派遣契約の紹介料条項が、派遣社員直雇用の妨げになっている?


 

派遣先、派遣元(派遣会社)間の派遣契約または派遣社員の明示書などで、以下のような項目があっても、労働者派遣法第33条違反で無効となり強制力はありません。
(参考:派遣社員を直接雇用する場合は、派遣会社に手数料を払わなければいけないのか? )

 

・(派遣契約終了後に)派遣先が派遣社員を直雇用したら派遣会社に紹介料/違約金を払う
・派遣契約終了後の派遣先の派遣社員直雇用を禁止
など

 

しかし、あわよくば紹介料/違約金をもらおうとの考えからか違法性が指摘されている項目を契約書に入れている派遣契約が多くあるようです。

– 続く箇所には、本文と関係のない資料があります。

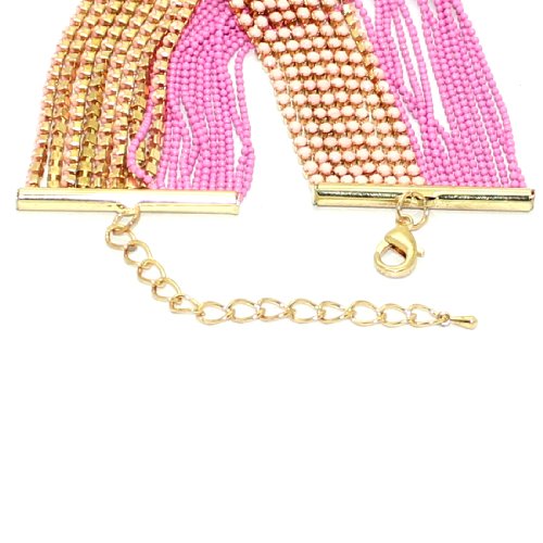 Very pretty piece of metal bracelet! Multi-row of plastic and metal beads consist a stylish bracelet. Lobster clasp provides adjustable length. Perfect design to you any outfit! PLEASE SEE MEASUREMENT IN THE PICTURES.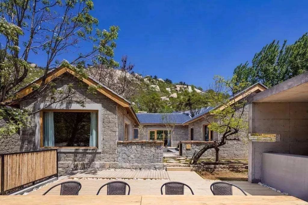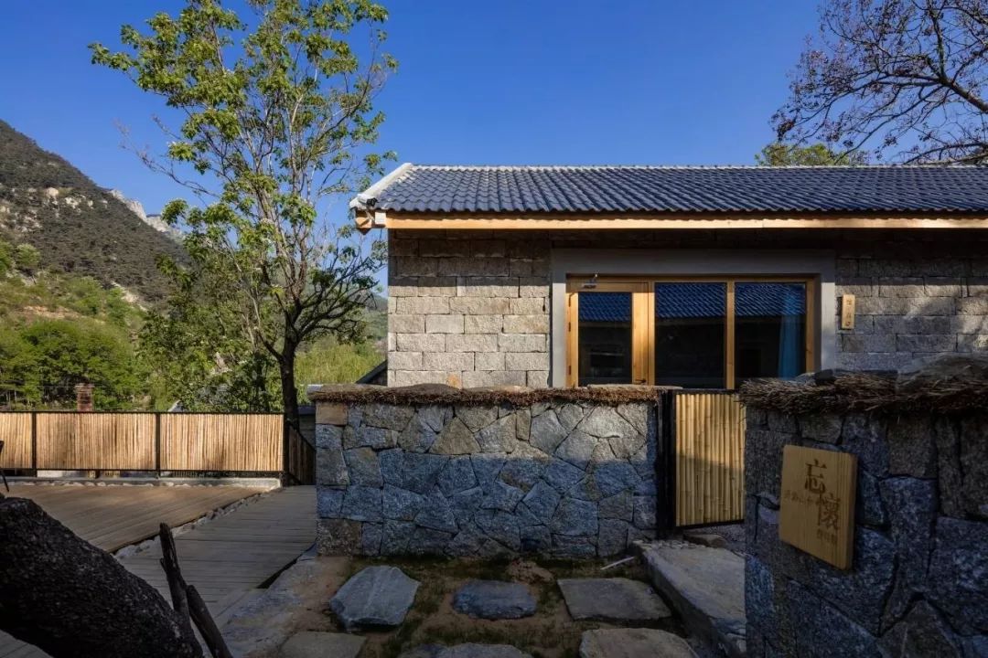 設計亮點:以石頭、老瓦、舊木、夯土、老磚這些簡單又令人懷念的的本土元素為主要設計元素,采用極簡的風格,院內景色與山景相襯相融,改造時保留每一棵老樹和每一塊石頭,將幾十年的牛棚和老房子改建成了5個不同主題——觀云、聽瀑、忘懷、自在、依山,營造“臥聽松嘯 伴山而眠”的生活意境。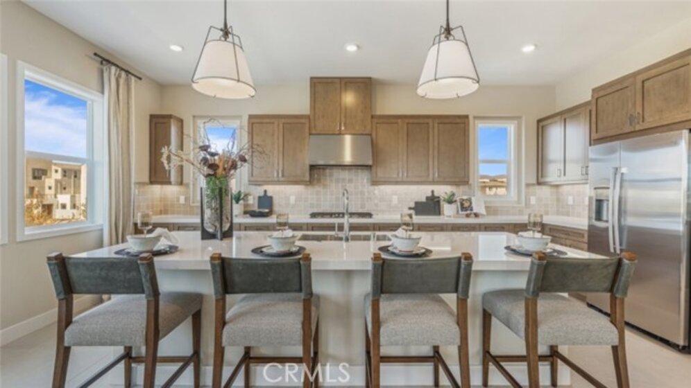 Comprised a spacious and inviting open-concept layout with convenient access to a covered deck for seamless entertaining. The three primary bedrooms are tucked away near the front of the home, including the luxe owner’s suite with direct access to a spa-inspired bathroom and walk-in closet. A two-bay garage on the first level completes the home.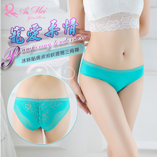 寵愛柔情!冰絲貼膚波浪紋提臀低腰三角褲﹝綠﹞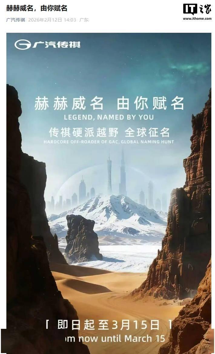 广汽传祺近日通过官方渠道发布了一组全新硬派越野车的预告海报,同时宣布启动全球征名活动,活动周期将持续至3月15日。这一举措标志着品牌在越野细分市场迈出重要一步,引发了行业与消费者的广泛关注。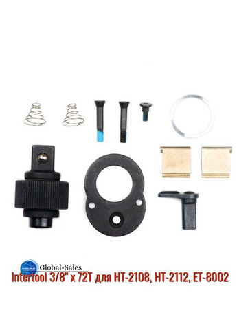 Ремонтний комплект до ручок із храповим механізмом 3/8", 72 зуби. Підходить для тріскачок HT-2108 і HT-2112, а також до тайванських тріскачок інших виробників, з розміром посадкового квадрата 3/8" і храповим механізмом у 72 зубці. Кількість зубів: 72; Кількість одиниць у наборі: 11 од.; Квадрат: 3/8"; Сумісність: HT-2108, HT-2112, ET-8002

法的に紹介料支払いの拒否は問題は無くても、この項目により派遣先の腰が引けて、直雇用の話が無しになるケースもあるようです。
派遣会社の不当な紹介料強要により、派遣社員の一生に関わる話が台無しになることがあるのだから酷い話です。
(当たり前ですが、派遣会社は派遣社員のその後の雇用を保証はしてくれません。派遣先との契約が更新されなければ登録型派遣は仕事を失います。)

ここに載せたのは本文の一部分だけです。